ACTION ITEM:
Please, from the entries below, transcribe exactly the lines that begin at the line with "對試樣的測試結(jié)果可" and end at the line with "Технические характеристики Лампа", without the pictures.

SUPPLIED ENTRIES:
──────────────────────────────
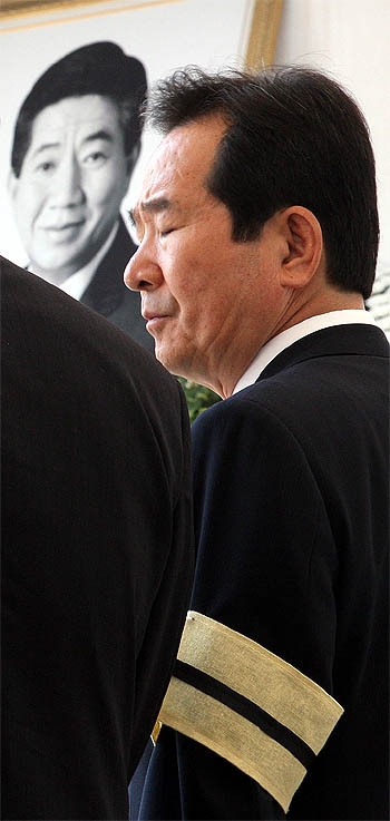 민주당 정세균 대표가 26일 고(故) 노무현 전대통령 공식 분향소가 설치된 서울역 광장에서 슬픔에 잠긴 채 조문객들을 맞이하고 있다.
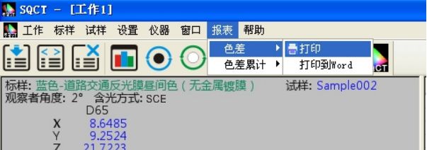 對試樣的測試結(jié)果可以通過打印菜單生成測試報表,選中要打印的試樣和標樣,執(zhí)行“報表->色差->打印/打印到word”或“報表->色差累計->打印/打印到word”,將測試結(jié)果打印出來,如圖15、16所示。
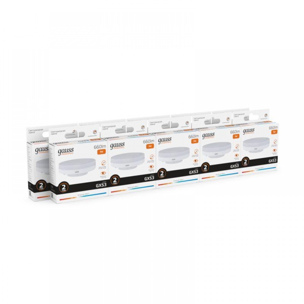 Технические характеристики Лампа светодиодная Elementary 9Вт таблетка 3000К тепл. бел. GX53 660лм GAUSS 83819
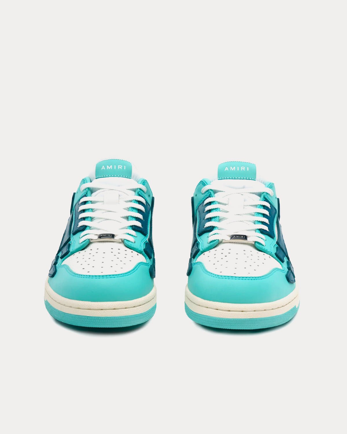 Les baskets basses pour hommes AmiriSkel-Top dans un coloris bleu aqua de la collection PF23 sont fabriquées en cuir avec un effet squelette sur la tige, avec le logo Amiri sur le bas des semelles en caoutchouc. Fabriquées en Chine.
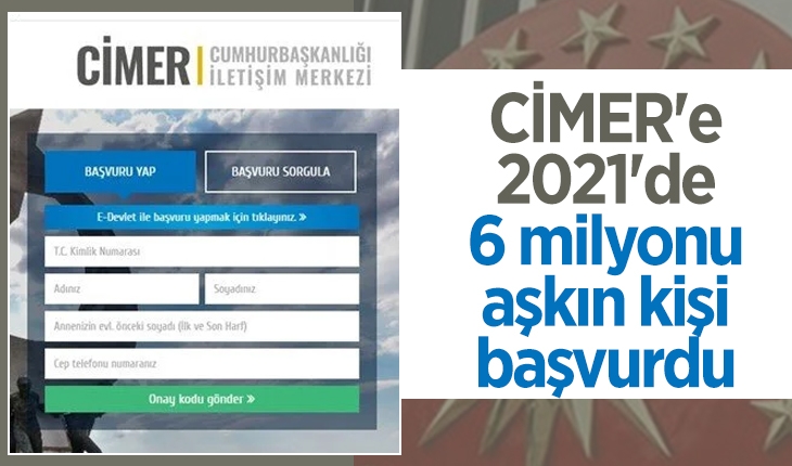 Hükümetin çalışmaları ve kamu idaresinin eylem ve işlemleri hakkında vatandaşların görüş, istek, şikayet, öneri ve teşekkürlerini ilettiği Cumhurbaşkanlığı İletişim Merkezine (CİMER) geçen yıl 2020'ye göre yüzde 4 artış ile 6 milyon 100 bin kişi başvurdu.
──────────────────────────────
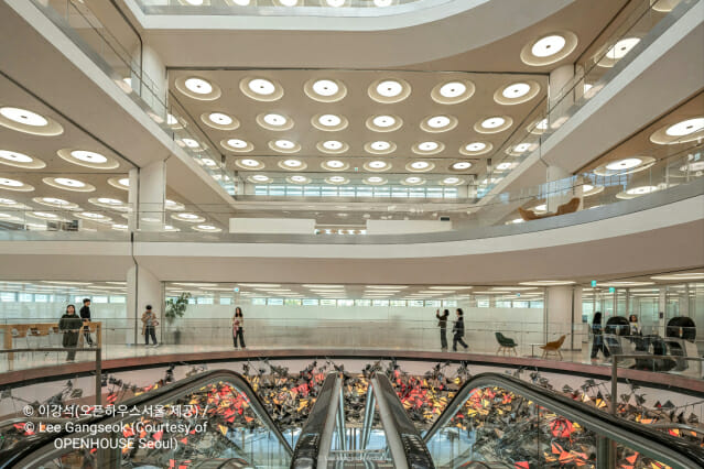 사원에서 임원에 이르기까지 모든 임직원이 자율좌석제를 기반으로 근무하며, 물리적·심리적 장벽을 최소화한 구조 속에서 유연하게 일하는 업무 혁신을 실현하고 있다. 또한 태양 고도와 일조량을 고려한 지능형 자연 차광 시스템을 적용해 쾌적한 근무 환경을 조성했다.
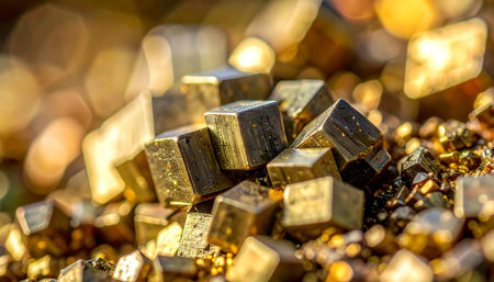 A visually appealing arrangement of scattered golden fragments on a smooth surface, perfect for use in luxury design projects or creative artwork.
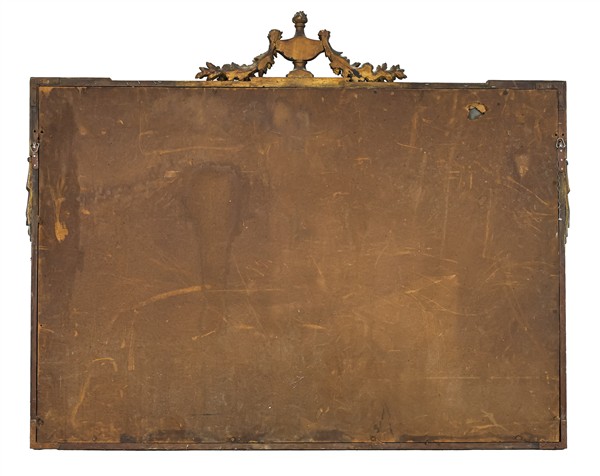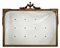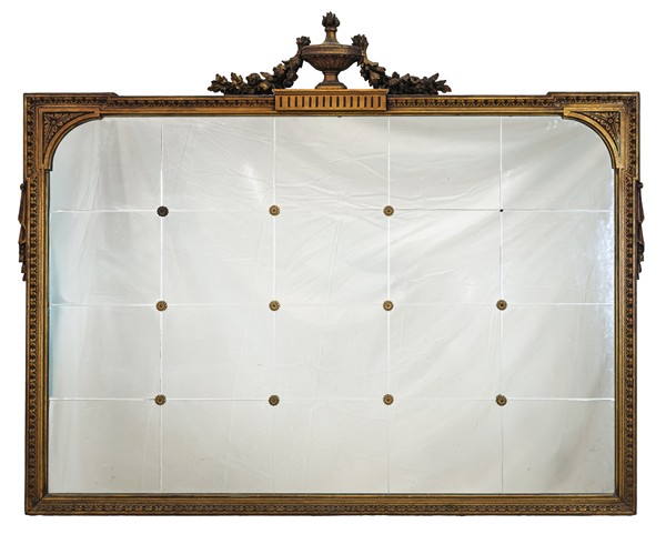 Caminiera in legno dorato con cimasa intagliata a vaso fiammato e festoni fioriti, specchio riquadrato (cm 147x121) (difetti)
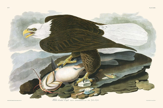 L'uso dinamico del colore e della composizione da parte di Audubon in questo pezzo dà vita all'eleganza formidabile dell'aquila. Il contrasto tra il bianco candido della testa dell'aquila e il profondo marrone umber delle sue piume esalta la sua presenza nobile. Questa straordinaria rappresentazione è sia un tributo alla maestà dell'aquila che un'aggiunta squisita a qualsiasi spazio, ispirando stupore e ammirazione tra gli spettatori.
──────────────────────────────
WRITTEN RESPONSE:
 對試樣的測試結(jié)果可以通過打印菜單生成測試報表,選中要打印的試樣和標樣,執(zhí)行“報表->色差->打印/打印到word”或“報表->色差累計->打印/打印到word”,將測試結(jié)果打印出來,如圖15、16所示。
 Технические характеристики Лампа светодиодная Elementary 9Вт таблетка 3000К тепл. бел. GX53 660лм GAUSS 83819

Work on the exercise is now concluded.